Aby napisać komentarz, musisz się zalogować lub zarejestrować.
Komentarze
No więc, pisząc krótko, to się po prostu nie trzyma kupy. Remont podlega zgłoszeniu do właściwego miejscowo organu administracji architektoniczno-budowlanej. Do zgłoszenia dołącza się niezbędne szkice i rysunki, a w razie potrzeby również opis uzupełniający (na marginesie - na remont podlegający zgłoszeniu w ogóle nie jest potrzebny projekt budowlany, co w praktyce oznacza, że nie jest potrzebny projektant z uprawnieniami budowlanymi, bo szkice, rysunki i opisy może wykonać każdy).

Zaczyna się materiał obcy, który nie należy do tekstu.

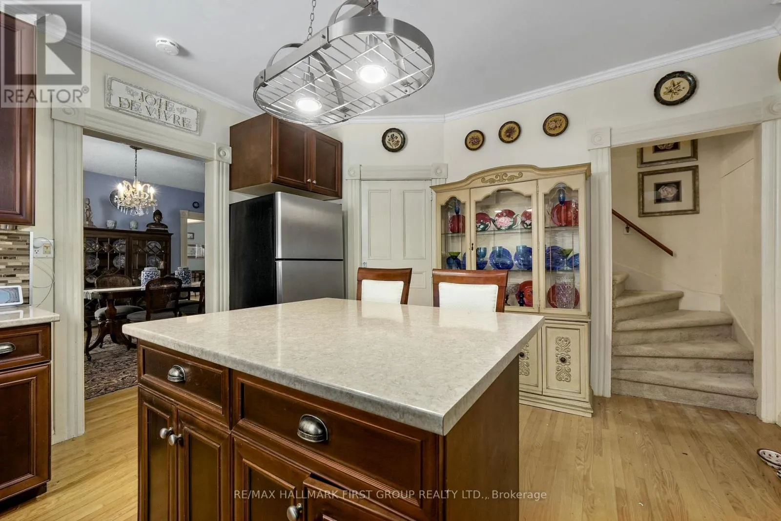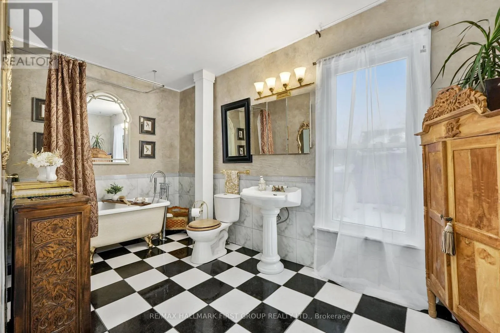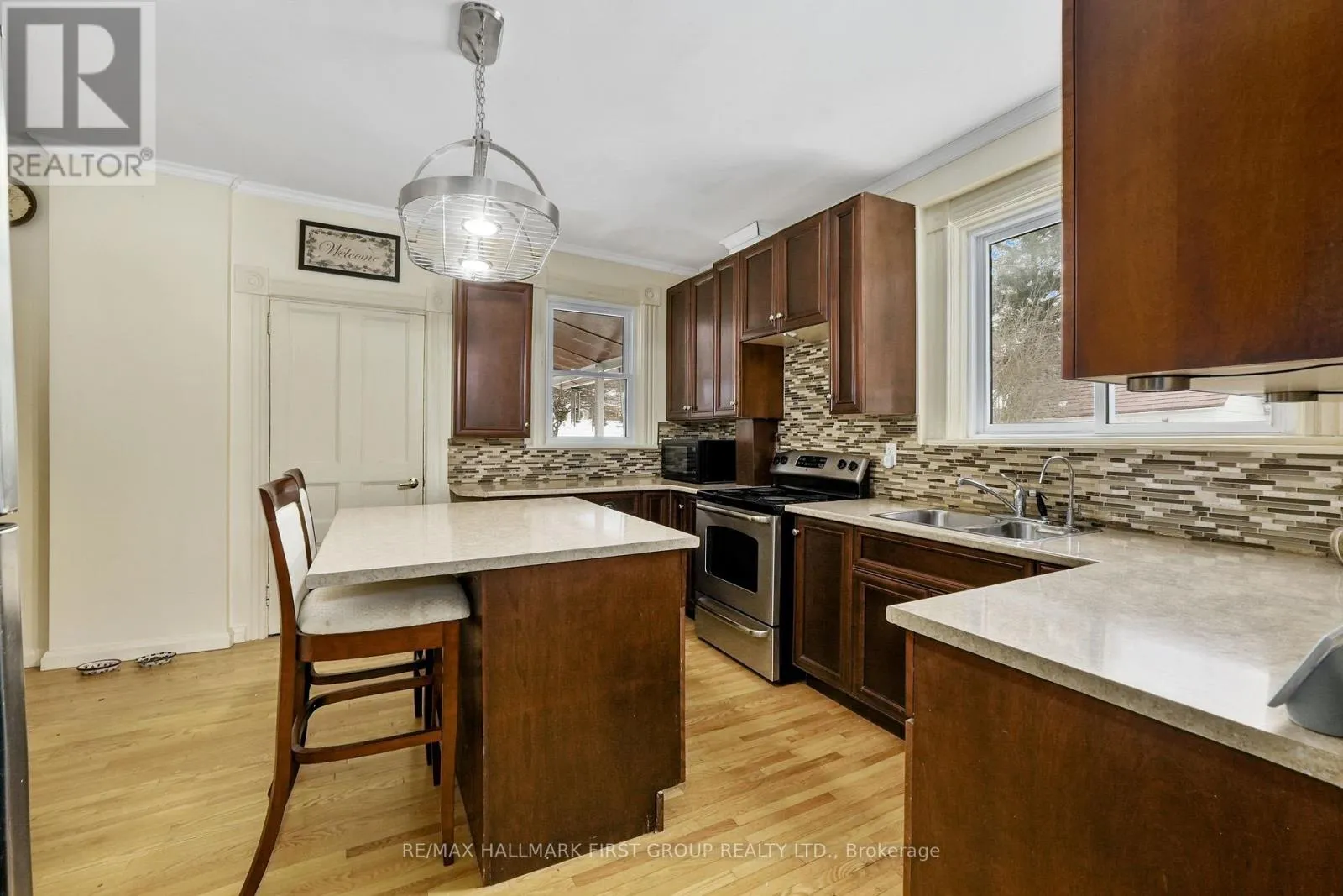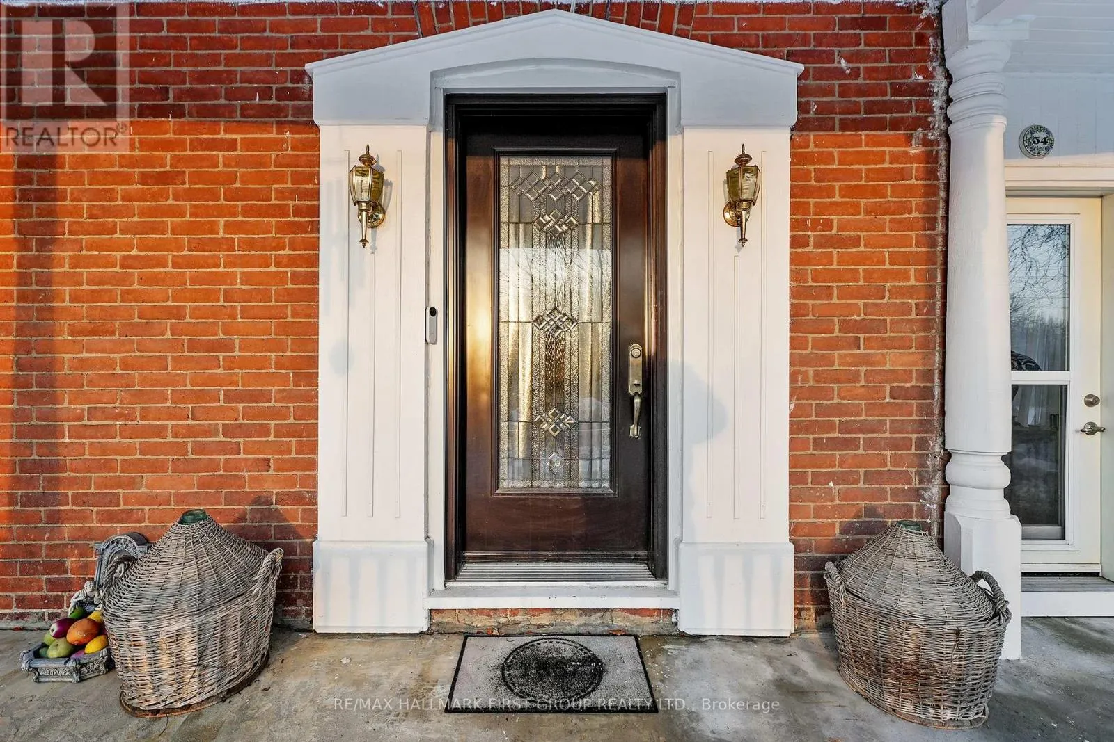 Cross Streets: Toronto St & Park St W. ** Directions: Toronto St heading S, Property on Left after Park St W. Full of character and timeless appeal, this brick home sits in the heart of Cramahe and blends period charm with thoughtful modern updates. An expansive front veranda sets the tone, leading into a spacious front foyer where classic craftsmanship is immediately on display. The inviting living room features extra-high baseboards, hardwood floors, and a fireplace, creating a warm and elegant space to relax or entertain. The dining room easily accommodates large gatherings and offers a walkout to the sunroom, an ideal spot to enjoy a quiet morning coffee or unwind at the end of the day. The kitchen delivers modern convenience with a tile backsplash, ample counter and cabinet space, an island with breakfast bar, and stainless steel appliances. The main level is completed by a guest bedroom, a bathroom, and the added convenience of main-floor laundry. Upstairs, the sun-soaked primary bedroom offers dual closets and access to a spacious bathroom, along with three additional well-sized bedrooms to suit family, guests, or home office needs. Outside, the sprawling property is surrounded by mature trees and features a covered back porch, perfect for outdoor enjoyment. Ideally located close to amenities with direct access to the 401, this home offers space, charm, and convenience. (id:27476)

Skoro remont został zgłoszony i projekt obejmował wspomniane dwa lokale, to jak to się stało, że projekt nie został przedłożony do wglądu? Kto zgłaszał remont w urzędzie? Czemu ten ktoś sobie nie zajrzał do projektu przed zaniesieniem do urzędu?
Chyba, że jest jeszcze coś, o czym nie napisano.
Pozdrawiam.
Przez wewnętrzną wymianę instalacji gazowej przynajmiej ja rozumiałem wymianę pionów gazowych od zaworu głównego do liczników. Nie miałem świadomości o nieprawidłowej instalacji w poszczególnych lokalach a gdybym nawet miał taka swiadomość sądziłbym ze to poszczególni właściciele zrobia we własnym zakresie tak jak ja to zrobiłem więc siłą rzeczy nie było w uchwale zastrzeżenia czego wykonawca nie powinien robić ponad to co w uchwale - to odpowiedź dla a-z.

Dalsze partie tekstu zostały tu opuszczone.